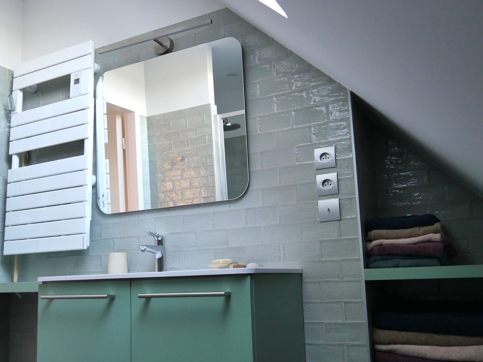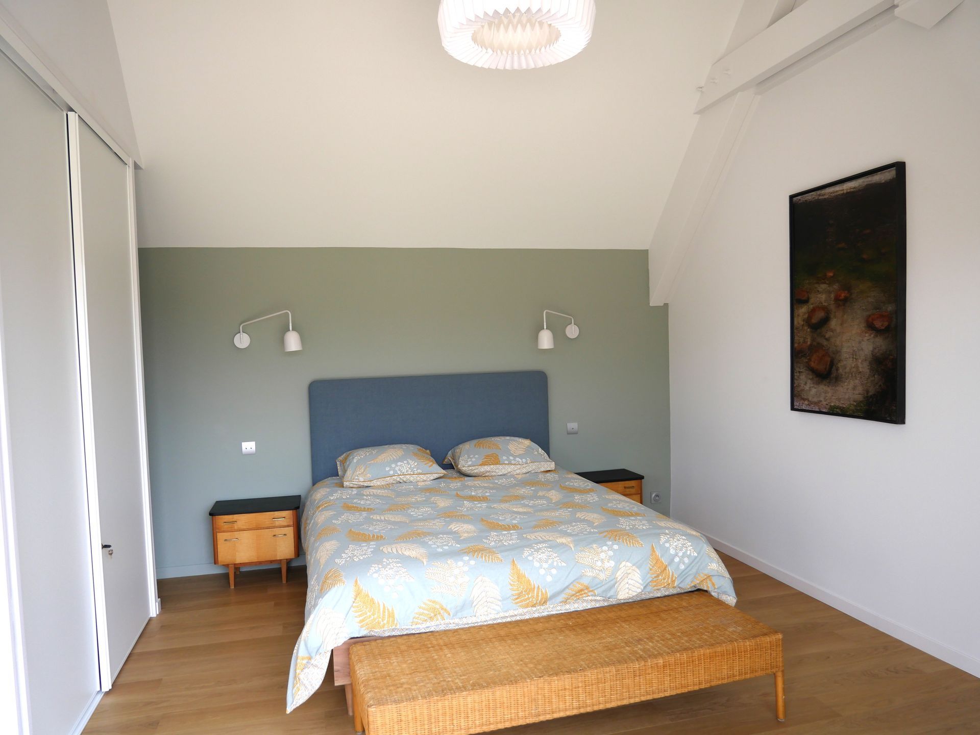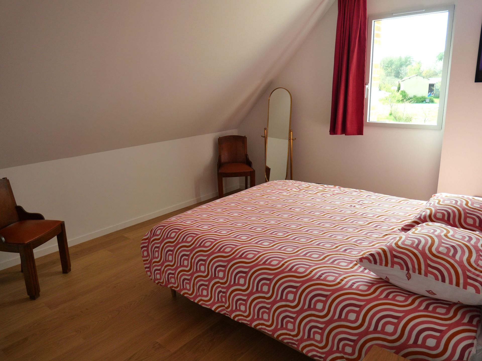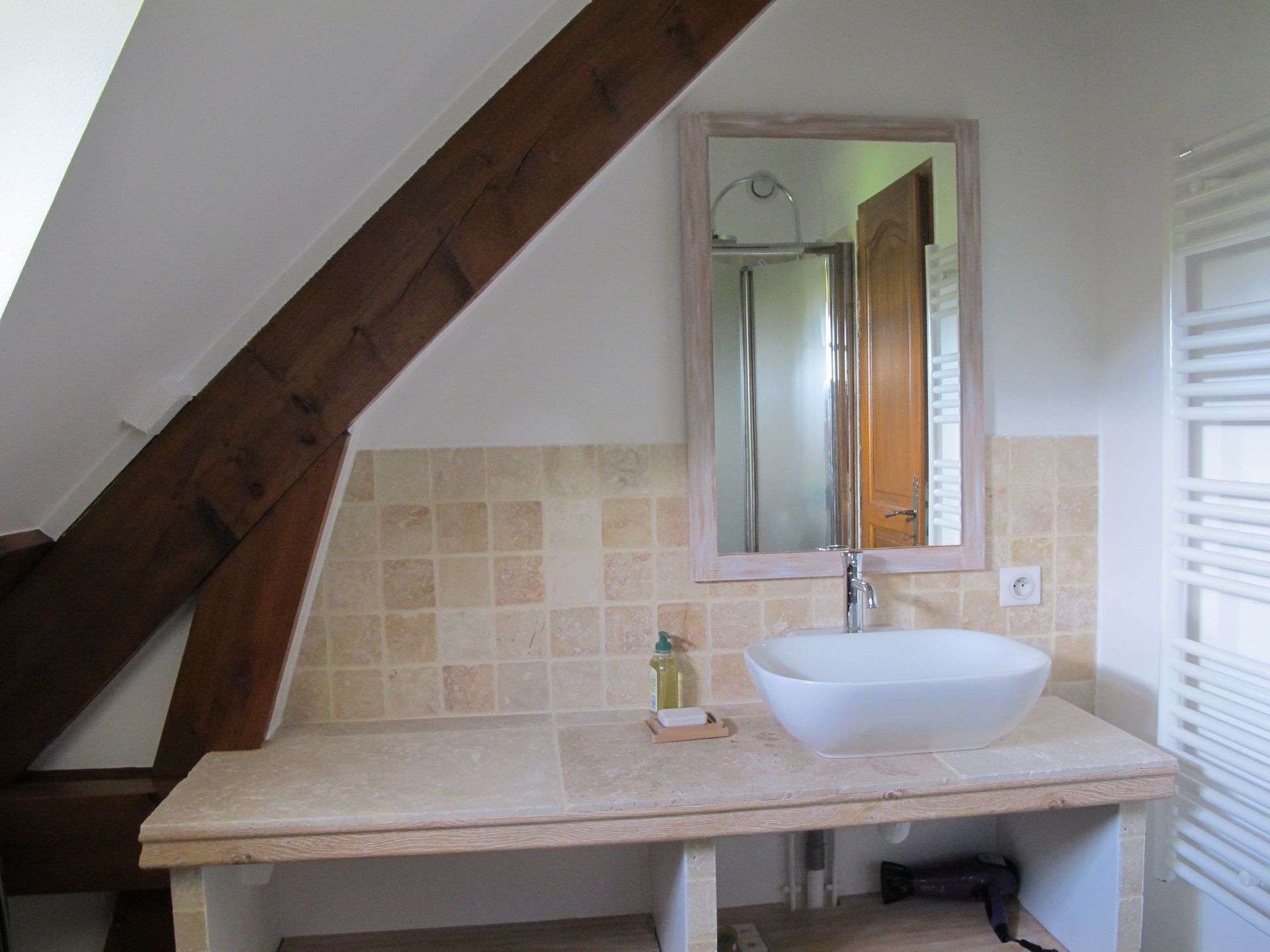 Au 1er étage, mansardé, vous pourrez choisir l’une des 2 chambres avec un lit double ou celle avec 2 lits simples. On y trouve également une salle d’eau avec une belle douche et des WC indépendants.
++++++++
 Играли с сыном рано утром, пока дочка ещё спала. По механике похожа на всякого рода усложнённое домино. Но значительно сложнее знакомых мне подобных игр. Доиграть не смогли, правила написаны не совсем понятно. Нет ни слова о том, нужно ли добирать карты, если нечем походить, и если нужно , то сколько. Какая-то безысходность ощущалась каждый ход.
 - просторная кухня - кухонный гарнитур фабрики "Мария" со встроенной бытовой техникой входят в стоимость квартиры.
++++++++
* What to produce: Reprint exactly the lines above that start at the one with "Играли с сыном" and end at the one with "- просторная к", keeping both and adding none.

* Solution for this problem:
 Играли с сыном рано утром, пока дочка ещё спала. По механике похожа на всякого рода усложнённое домино. Но значительно сложнее знакомых мне подобных игр. Доиграть не смогли, правила написаны не совсем понятно. Нет ни слова о том, нужно ли добирать карты, если нечем походить, и если нужно , то сколько. Какая-то безысходность ощущалась каждый ход.
 - просторная кухня - кухонный гарнитур фабрики "Мария" со встроенной бытовой техникой входят в стоимость квартиры.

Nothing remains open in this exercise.